Doesn't matter how you glue it together, as there is little force trying to separate them. As long as the surface is well supported, I'd just screw the layers together, counter sinking the heads. But some glue won't hurt.


----------



## clin (Sep 3, 2015)

You do want those piece attached firmly. That way they will act like a piece 2X as thick. And that is much more rigid than 2X a single piece. But I agree it won't take that much to do that.

I'd glue it and shoot brads in from the bottom to hold it together until the glue sets. Screws of course would be really good, if a bit more work. Even screws about a foot apart is something close to 30 screws in a top that size.

As for how much glue, I'd glue it all. not so much because it needs it, but the glue won't magically spread out and it will have a thickness to it, so where there isn't glue would have a very small gap. Probably doesn't matter. Pour the glue and roll it or use a toothed trowel or something to spread evenly and fast.

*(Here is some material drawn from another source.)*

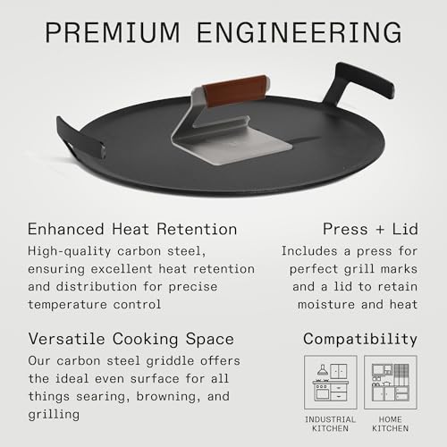 Made In Cookware – Seasoned 17" Round Carbon Steel Griddle + Grill Press – (Like Cast Iron, but Better) – Professional Cookware – Crafted in Sweden – Induction Compatible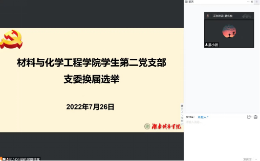 2022年7月26日晚上八点整,beats365员工第二党支部以线上腾讯会议的形式召开了支部委员补选大会,会议由晏小波同志主持,员工第二党支部全体党员参加。

I also agree it's just not that critical, but is there really a reason not to do it as well as can be done? It won't take much more timer, and it's not a crazy amount of glue.

Whatever you do. make sure it is flat when you do it. It's pretty much going to stay in whatever shape you have it when you attach it together. That's of course a good thing, but you need to start flat.

Don't assume your floor is flat. Though you could lay the first piece down, then run a straight edge all around on it and shim as needed to get it flat.


----------



## Lazyman (Aug 8, 2014)

If you do use screws just make sure you not only countersink the screw heads but also have relief for the other side as well. When joining MDF and plywood with screws, the material will often sort of erupt even with a pilot hole so it is a good idea to use your counter sink tool to make relief on the joint side as well so the pieces will stay flat.


----------



## richardchaos (May 12, 2017)

MDF. I hate and love MDF… It is cheap and rock solid stable. I hate that it weighs more than LEAD! One man can not lift/move a 4×8 3/4 inch sheet by himself.

A long time ago I had a gig where I needed to use MDF.

While cutting it on my bandsaw, once in awhile I would see a SPARK fly by/out where the cut was. So I looked very closely and could see a few tiny specks of metal in the MDF.

I must assume a lot of MDF is made with recycled wood. I must also assume that they try to remove old nails and such and do not get them all out then they send it to the GRINDER to process it.

Keep that in mind


----------



## bbasiaga (Dec 8, 2012)

You could consider covering the top with laminate from the home center. It will last forever that way.

Brian


----------



## builtinbkyn (Oct 29, 2015)

If I were to make the bench in Cosman's video, I would use contact cement to adhere the layers. No mechanical fasteners required. That would first require sealing the MDF with shellac. MDF is like a sponge and soaks up most any finish or glue. One or two coats of shellac will seal the surfaces to be bonded, thus needing less contact cement for the job. Then I'd seal the top with more shellac. Cosman used BLO. That seemed to be an odd choice, but I'm sure it works. Maybe it allows the surface to remain more rough than shellac. You could have that bench together in a day.


----------



## richardchaos (May 12, 2017)

Don't make my mistake do not make your bench top out of demential lumber such as 2×8s side by side. I left a tiny gap between them to allow for expansion and contraction.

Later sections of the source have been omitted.